А  Б  В  Г  Д  Е  Ж  З  И  Й  К  Л  М  Н  О  П  Р  С  Т  У  Ф  Х  Ц  Ч  Ш  Щ  Э  Ю  Я  A-Z

 




Жан-Поль Сартр
Герострат



Жан-Поль Сартр
Герострат

На людей надо смотреть с высоты. Я выключаю свет и становлюсь у окна; они даже не подозревают, что их можно разглядывать сверху; они заботятся об анфасе, иногда о спине, но все их уловки рассчитаны на наблюдателя в метр семьдесят ростом. Думал ли кто однажды о форме, которую принимает цилиндр, рассматриваемый, скажем, с седьмого этажа? Из простой небрежности они не защищают своих плеч и черепов пестрыми красками и яркими тканями, не умеют бороться с могущественнейшим врагом человечества – глубинной перспективой. Я наклоняюсь, и меня разбирает смех: где же она, эта знаменитая «прямая походка», которой они так гордятся? Они раздавлены на тротуаре, и две длинные полуползущие конечности выступают из-под их плеч.
На балконе седьмого этажа – вот где я должен прожить всю жизнь. Следует поддерживать нравственное превосходство материальными символами, без которых оно падет. Иначе в чем же, собственно, заключается мое превосходство над людьми? В превосходстве позиции, ни в чем ином: я поставил себя над человеком, который сидит во мне, и созерцаю его. Вот почему я люблю башни собора Нотр-Дам, платформы Эйфелевой башни, Сакр-Кер и мой седьмой этаж на улице Деламбр. Превосходная символика.
Но иногда надо спускаться на улицу. Чтобы пойти в контору, например. Я задыхаюсь. Когда ты вровень с людьми, гораздо труднее представлять их букашками: они тебя касаются. Однажды я увидел на улице мертвого. Он упал ничком; его перевернули; из носа шла кровь. Я увидел его открытые глаза, весь его глупый вид и эту кровь. Я сказал себе: «Это ерунда, это не более волнующе, чем свежая краска. Ему вымазали нос красной краской, вот и все». Но я ощутил мерзкую слабость в ногах и затылке, потерял сознание. Меня отнесли в аптеку, трясли за плечи и заставили выпить что-то спиртное. Я убью их.

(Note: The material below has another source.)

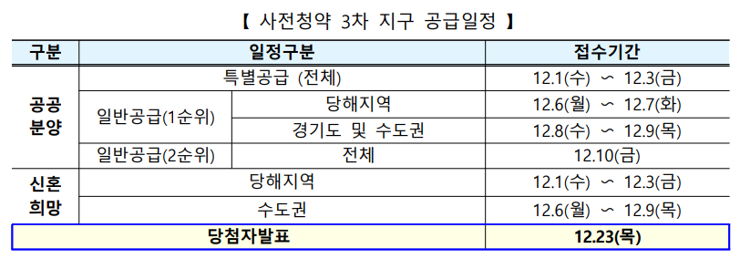 국토교통부(장관 노형욱)는 지난 7월부터 시행한 1차ㆍ2차 공공분양 사전청약에 이어 11월 18(목) 모집공고를 시작으로 4천1백 호 규모의 3차 사전청약을 시행한다고 밝혔습니다. 특히 3기 신도시 중 많은 관심을 받고 있는 하남 교산과 과천 주암이 포함된 만큼, 과천·하남에서 내 집 마련을 계획 중이었던 수요자들이 몰릴 것으로 보이고 있습니다. 자세한 사전청약 신청방법 및 조건을 살펴보도록 하겠습니다.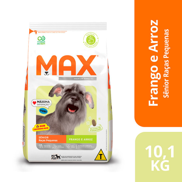 Ração Max Para Cães Sênior De Porte Pequeno Sabor Frango E Arroz 10,1KG

Я знаю, что они мои враги, но они этого не знают. Они любят друг друга, пожимают друг другу руки. А меня… меня они иногда похлопывали по плечу, потому что считали себе подобным. Но если бы они могли знать самую нелицеприятную часть правды, они бы меня избили. Впрочем, позднее они так и сделали. Когда меня схватили и когда они поняли наконец, кто я, они устроили мне страшную трепку… в комиссариате, они били меня в течение двух часов, начав с оплеух, потом били кулаками и выкручивали руки, затем содрали с меня штаны, в довершение всего швырнули мои очки на землю и, пока я, ползая на четвереньках, искал их, хохоча, пинали еще под зад. Я всегда знал, что они закончат избиением меня: я не слишком силен и не могу себя защитить. Они, сильные, давно уже меня подстерегают; они толкали меня на улице, чтобы посмеяться, посмотреть, чем я отвечу. Я молчал. Делал вид, будто ничего не понимаю. Однако они продолжали делать свое дело. Я боялся их – это было предчувствие. Хотя вы, конечно, понимаете, что у меня были и более серьезные причины их ненавидеть.

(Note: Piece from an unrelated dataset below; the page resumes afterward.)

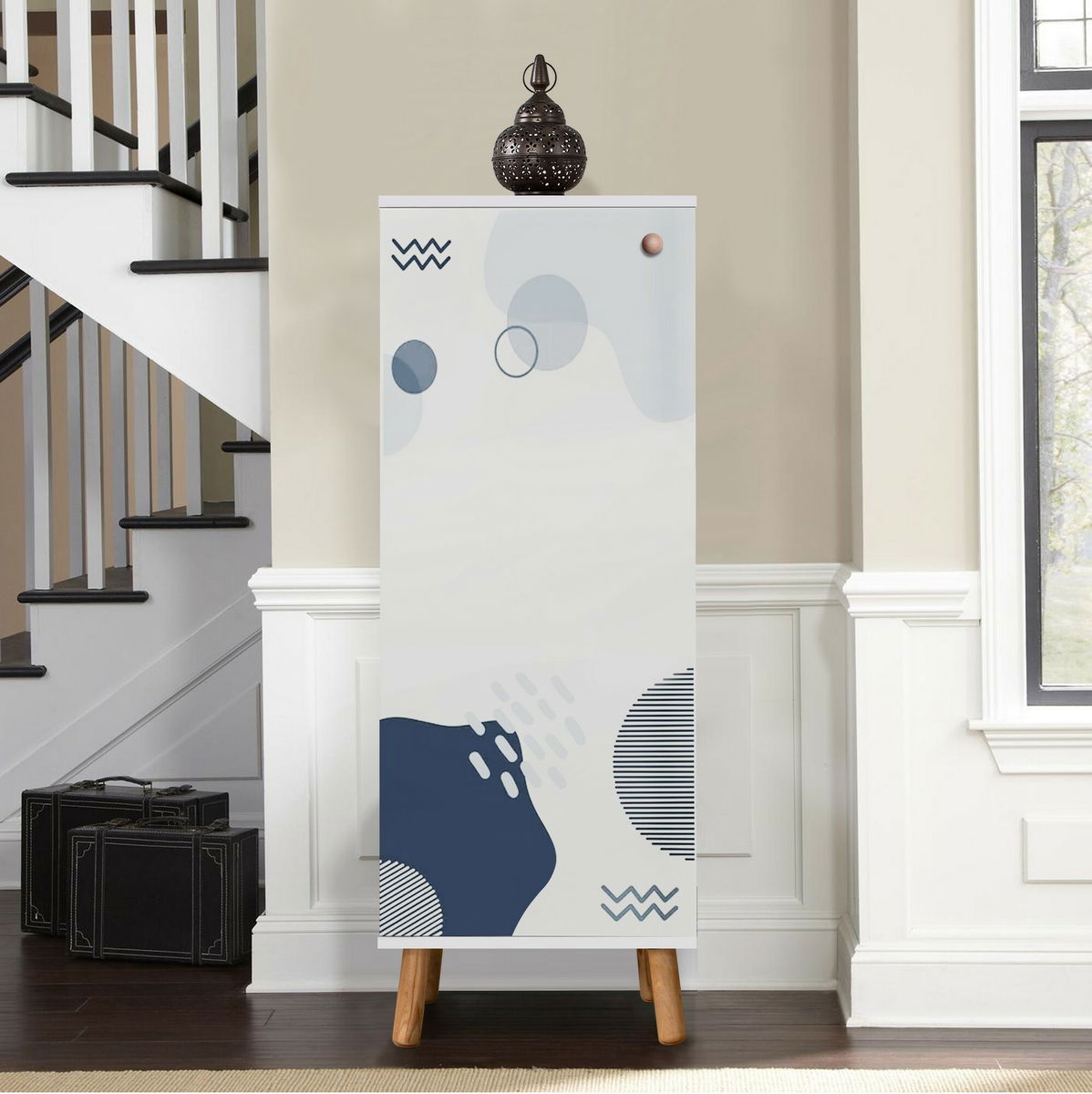 tloušťka: 18 mm, nohy z masivního dřeva, rukojeti z masivního dřeva, uv nátěr, velikost: šířka: 50 cm, výška: 135 cm, hloubka: 38 cm

В этом смысле все пошло гораздо лучше с того дня, как я купил револьвер. Всегда чувствуешь себя сильным, когда предусмотрительно держишь при себе одну из тех штучек, которые могут взорваться и наделать шуму. Я взял его с собой в воскресенье, просто положил в карман брюк и пошел гулять, как обычно, на бульвары. Я чувствовал, как он упрямым крабом вцепился в мои брюки, бедром ощущал его холодок. Но от соприкосновения с моим телом он стал постепенно согреваться. Я шел немного скованно – походкой человека с возбужденным членом, старающегося скрыть это от окружающих. Я опускал руку в карман и трогал его. Время от времени я заходил в туалет – но даже внутри я был очень внимателен, так как там ведь тоже могут быть соседи, – и вынимал мой револьвер; я пробовал его на вес и рассматривал рукоятку, всю в черных квадратах, спусковой крючок, похожий на полуприкрытое веко. Другие, те, кто смотрел снаружи на мои расставленные ноги и отвороты брюк, думали, что я мочусь. Хотя я никогда не мочился в писсуарах.

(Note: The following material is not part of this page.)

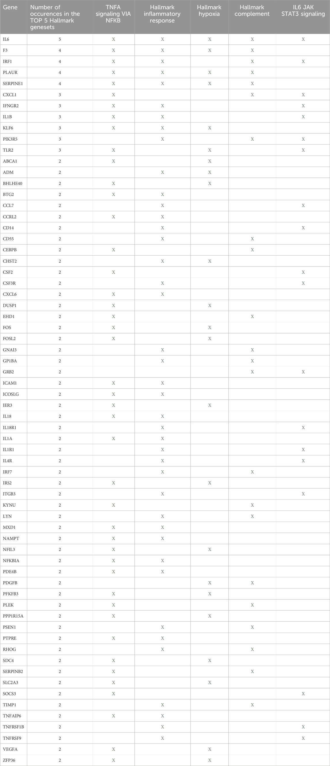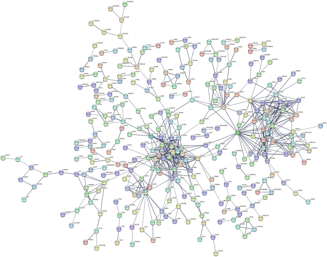 Next, we identified key regulatory genes, or “hub genes,” within the turquoise module using gene significance (GS > 0.3) and module membership (MM > 0.8) criteria (Liang et al., 2020). A total of 363 hub genes (Supplementary Table S8) were identified, which were then subjected to gene set enrichment analysis using the Hallmark collection. The results closely mirrored those from the GSEA of differentially expressed genes, with significant enrichment in TNF alpha signaling via NFKB, inflammatory response, and complement pathways (Table 4). To further investigate interactions between these hub genes, we conducted a STRING analysis. The resulting gene interaction network (Figure 5; Supplementary Figure S5) revealed two major central nodes: IL1B (inflammatory response) and GRB2 (RAS-ERK signaling pathway).

Однажды вечером мне пришла мысль стрелять в людей. Это был субботний вечер; я вышел, чтобы найти Леа, блондинку, стоявшую обычно перед отелем на улице Монпарнас. Я никогда не жил интимной жизнью с женщиной; я бы почувствовал себя обкраденным. Конечно, вы взбираетесь на них сверху, но они пожирают нижнюю часть вашего живота своей большой волосатой пастью, и, как я слышал, именно они и выигрывают на этом обмене. Я же ни от кого ничего не требую, но и ничего не хочу отдавать. Или, впрочем, мне бы подошла холодная, набожная женщина, которая терпела бы меня, подавляя в себе отвращение. В первую субботу каждого месяца я поднимался с Леа в один из номеров отеля Дюшене. Она раздевалась, а я смотрел на нее, не прикасаясь к ней. Иногда это отделялось в брюки само собой, но бывало и так, что я успевал вернуться к себе и там уже сам все заканчивал. Этим вечером я не нашел ее на своем посту. Я подождал немного и, так как она все не приходила, решил, что она занята. Было начало января, и стояли сильные холода. Я был огорчен; у меня живое воображение, и я сразу стал думать о том удовольствии, которое мог бы получить этим вечером. На Одесской улице я часто замечал одну брюнетку, немного перезрелую, довольно пухленькую, но вполне еще крепкую; перезрелые женщины мне не противны: когда они раздеты, вид у них гораздо более голый, чем у остальных. Но она не знала о моих условиях, и необходимость сказать ей об этом прямо меня немного пугала. И кроме того, я не доверяю новым знакомым: такие женщины запросто могут спрятать за дверью какого-нибудь мерзавца, а этот тип нагрянет внезапно и отберет у вас все ваши денежки. И вам еще повезет, если он вдобавок ко всему вас не отколотит. Этим вечером у меня, не знаю откуда, появилась вдруг храбрость, и я решил вернуться к себе за револьвером и попробовать поискать приключений.
Когда через четверть часа я подошел к женщине, в кармане у меня лежал револьвер и я уже ничего не боялся. Вблизи вид у нее был еще более жалкий. Она была похожа на мою соседку напротив, жену подпрапорщика, и это мне было приятно, потому что мне давно уже хотелось увидеть ее голой. Когда мужа не было дома, она одевалась при отворенном окне, и я часто, спрятавшись за занавеской, старался ее подстеречь. Но одевалась она всегда в глубине комнаты.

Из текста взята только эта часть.